The central empirical claim is that attack success follows a power law in the number of shots. With only a handful of demonstrations the attack typically fails; effectiveness rises as more are added and continues climbing into the hundreds. [1][2] In Anthropic's reporting, attacks that did not work at all at 5 shots worked consistently at 256 shots against Claude 2.0 across several task types. [6]
Anthropic connected this to a more general regularity: benign in-context learning tasks also improve with more examples along similar power-law curves. The implication is that many-shot jailbreaking exploits the same learning dynamics that make in-context learning useful, which makes it difficult to remove without affecting legitimate capability. [1] The paper's authors noted that very long contexts therefore represent a new attack surface for language models. [3]
The technique was reported to work on the most widely used state-of-the-art models, including those from Anthropic and from competing developers. [1][3] Specific systems named in coverage of the research include Claude 2.0, GPT-3.5 and GPT-4, Llama 2 (70B), and Mistral 7B. [6] The paper's abstract frames the larger context windows deployed by Google DeepMind, OpenAI, and Anthropic as what made the attack newly feasible. [3] Anthropic also observed that the attack was often more effective against larger models, which it described as a concerning property because larger models are generally more capable. [1]
Anthropic tested several defenses and reported mixed results.
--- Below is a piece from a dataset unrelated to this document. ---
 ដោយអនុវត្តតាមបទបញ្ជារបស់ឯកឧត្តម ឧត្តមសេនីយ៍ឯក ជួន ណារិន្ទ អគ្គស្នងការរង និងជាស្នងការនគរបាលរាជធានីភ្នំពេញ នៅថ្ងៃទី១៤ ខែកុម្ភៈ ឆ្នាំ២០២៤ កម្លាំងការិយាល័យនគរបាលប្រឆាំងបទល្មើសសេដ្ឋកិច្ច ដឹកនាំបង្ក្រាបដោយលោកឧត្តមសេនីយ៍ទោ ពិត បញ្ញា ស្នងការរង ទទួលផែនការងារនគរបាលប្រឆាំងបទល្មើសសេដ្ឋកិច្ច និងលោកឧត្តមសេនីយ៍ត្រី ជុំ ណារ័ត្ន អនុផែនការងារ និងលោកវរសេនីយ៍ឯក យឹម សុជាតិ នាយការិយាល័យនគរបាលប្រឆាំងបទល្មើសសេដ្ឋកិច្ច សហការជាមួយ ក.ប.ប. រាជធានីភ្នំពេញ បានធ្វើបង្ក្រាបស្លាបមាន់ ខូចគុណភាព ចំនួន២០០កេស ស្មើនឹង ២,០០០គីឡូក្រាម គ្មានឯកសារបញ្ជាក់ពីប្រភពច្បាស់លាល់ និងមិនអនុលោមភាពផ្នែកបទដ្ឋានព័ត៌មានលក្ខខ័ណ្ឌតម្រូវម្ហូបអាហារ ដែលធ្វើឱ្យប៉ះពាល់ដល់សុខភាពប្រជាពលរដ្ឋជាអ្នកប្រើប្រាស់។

Fine-tuning a model to refuse the kinds of queries used in the attack raised the number of shots needed to succeed but did not change the underlying scaling: with enough demonstrations the jailbreak still went through. In other words, fine-tuning delayed the attack rather than stopping it. [1][6]
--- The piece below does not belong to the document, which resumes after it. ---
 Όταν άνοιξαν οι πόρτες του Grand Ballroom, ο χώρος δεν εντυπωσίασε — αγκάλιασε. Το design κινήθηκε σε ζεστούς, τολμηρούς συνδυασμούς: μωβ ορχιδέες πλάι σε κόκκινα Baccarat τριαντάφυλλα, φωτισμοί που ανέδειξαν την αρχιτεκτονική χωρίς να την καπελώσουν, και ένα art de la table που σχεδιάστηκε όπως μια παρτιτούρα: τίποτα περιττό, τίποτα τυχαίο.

More effective were methods that classify and modify the prompt before it reaches the model. In one case this approach reduced the attack success rate from 61% to 2% on the test set Anthropic used. [1][6] The same blog reported that prompt-based classification and modification substantially cut effectiveness across the cases studied. Anthropic cautioned that such defenses are an active area of work and that input-level mitigations can shift the problem rather than eliminate it. [1] The company's later work on input and output classifiers, including constitutional classifiers, continued this line of defense against jailbreaks that exploit long or adversarial prompts.
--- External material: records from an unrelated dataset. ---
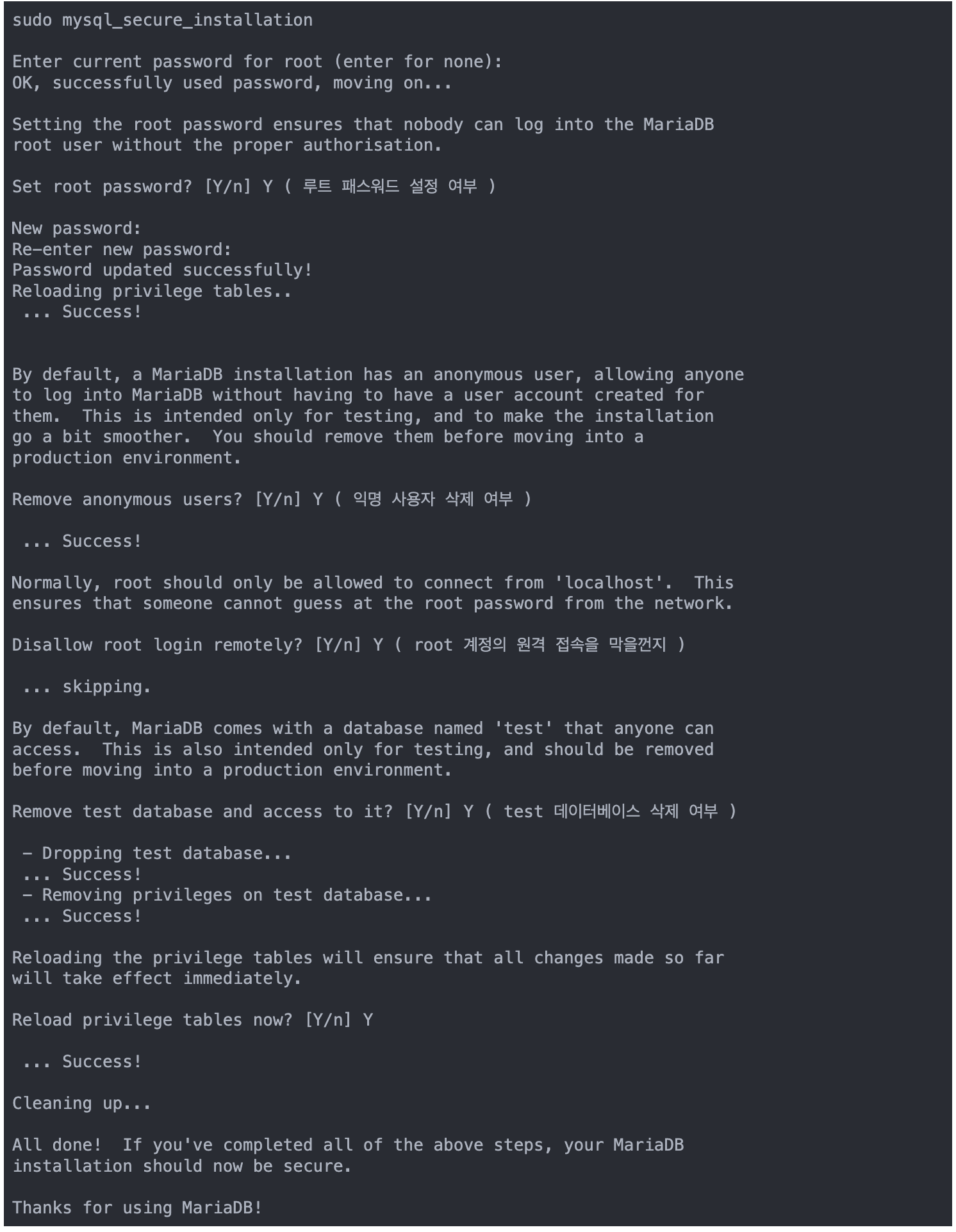 해당 명령어를 입력하면 아래와 같은 설정을 순차적으로 적용시킨다. 만약 root 계정의 패스워드가 설정되지 않았을 경우 설정하는 질문이 먼저 나오는데 알맞게 입력하면 된다.
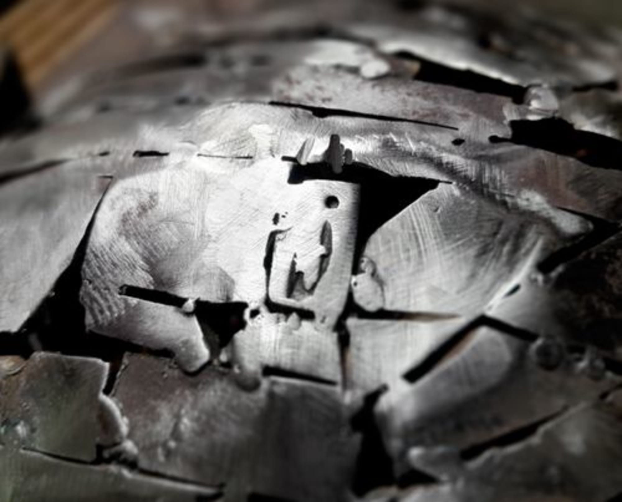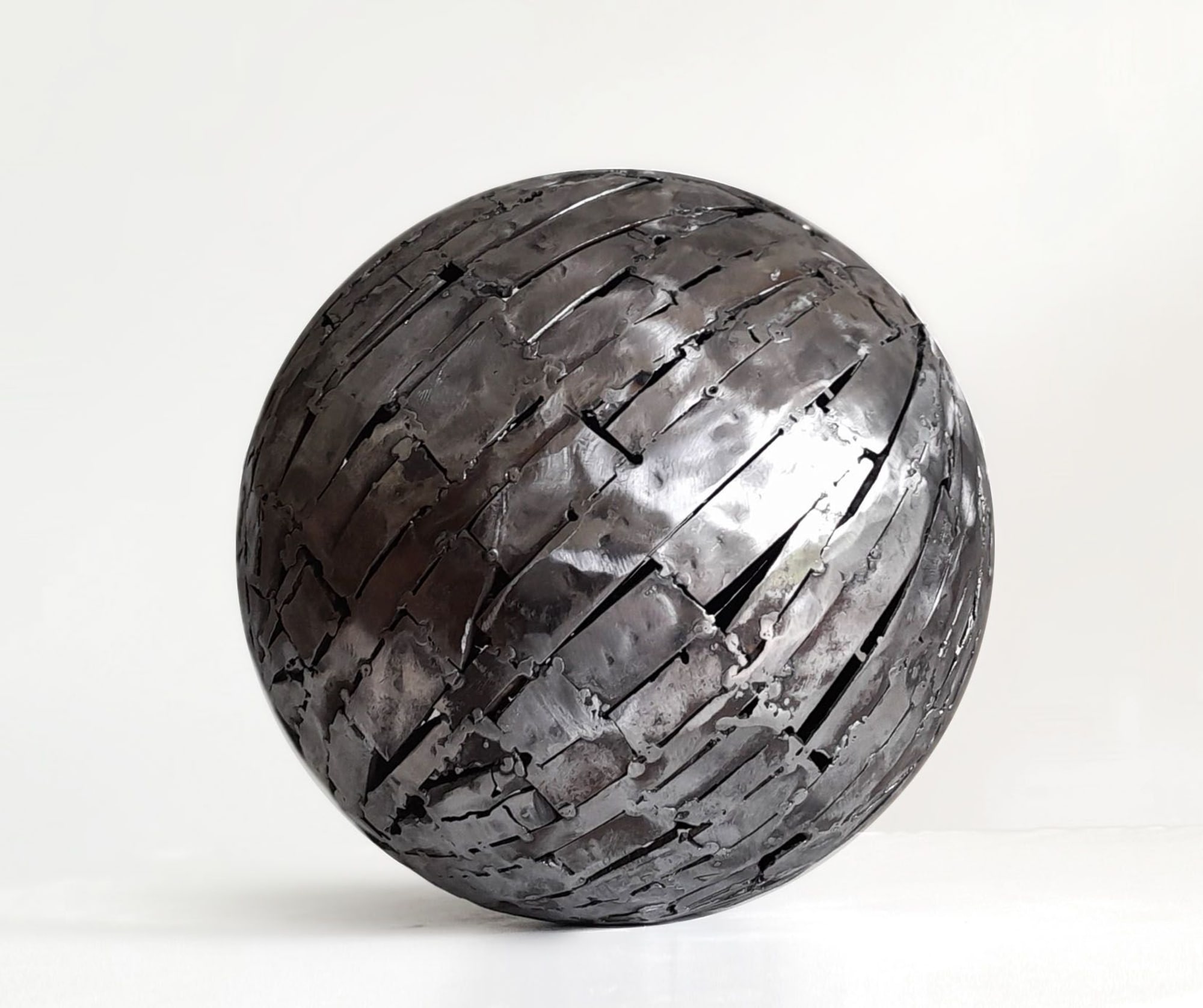 méticuleusement soudées à l’arc composent cette structure sphérique, le tout meulé tout en laissant les soudures discrètes mais présentes afin de donner ce style “techno organique” propre à beaucoup de mes pièces.
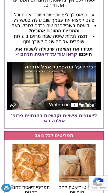 76%פרופ' אולגה רז, דיאטנית קלינית פורצת דרך ומפתחת שיטת דיאטת הלחם. מומחית בקבוצות רזיה, דיאטה ותזונה נכונה. אלפי מטופלים מרוצים יספרו לכם איך שיפרו את חייהם.
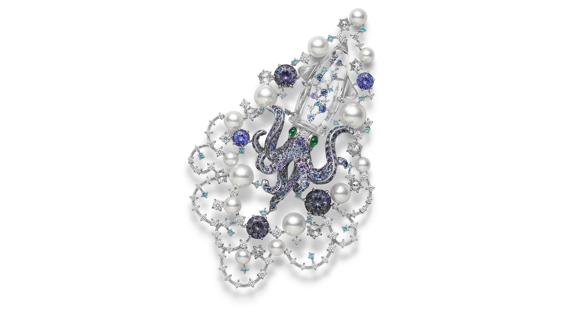 The octopus features a translucent pearl body with diamond-studded tentacles and sapphire eyes, while the squid is made up of ocean-hued gems, a clear quartz mantle and appears to float in a bubbly sea of surrounding pearls and other precious stones.
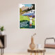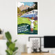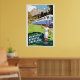 Travel poster showing a girl waving to passengers on train going past a mountain village in Switzerland. The aspect ratio of the image is 2:3. Please note that our restored posters are the best on Zazzle.
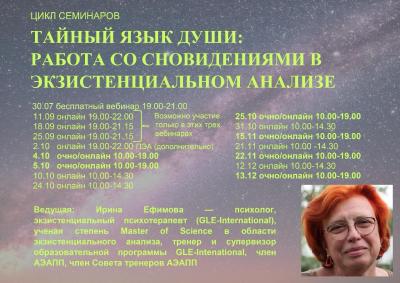 Цикл семинаров "ТАЙНЫЙ ЯЗЫК ДУШИ: работа со сновидениями в экзистенциальном анализе"

| Mitigation approach | Reported effect |
|---|---|
| Fine-tuning to refuse attack-style queries | Increased the number of shots required; same power-law scaling; attack still eventually succeeded |
| Prompt-based classification and modification | Attack success rate reduced from 61% to 2% on the tested set |
Limiting the context window length would also blunt the attack, since fewer shots can be supplied, but that would remove the very capability that long-context models are built to provide, so it is not a practical fix on its own. [1]
Before publishing, Anthropic confidentially shared the details of many-shot jailbreaking with researchers in academia and at competing AI companies, and it said it had already put some defensive measures in place for its own systems. [1] The stated reason for publishing openly was to accelerate work on mitigations: the researchers argued that drawing attention to the vulnerability would speed up fixes more than keeping it private. [5]
The result drew attention because it is simple to understand and hard to fully patch. It does not depend on adversarial token strings or obfuscation; it uses plain text and the model's own willingness to learn from context. It also illustrated a tradeoff that recurs in safety research, where a feature that increases usefulness, here a very long context window, simultaneously enlarges the space of possible attacks. The paper sits alongside other Anthropic safety research, including work on sleeper agents and alignment faking, that probes how training and inference-time conditioning can produce unwanted behavior. Subsequent academic papers built on the finding, both extending the attack and proposing further defenses.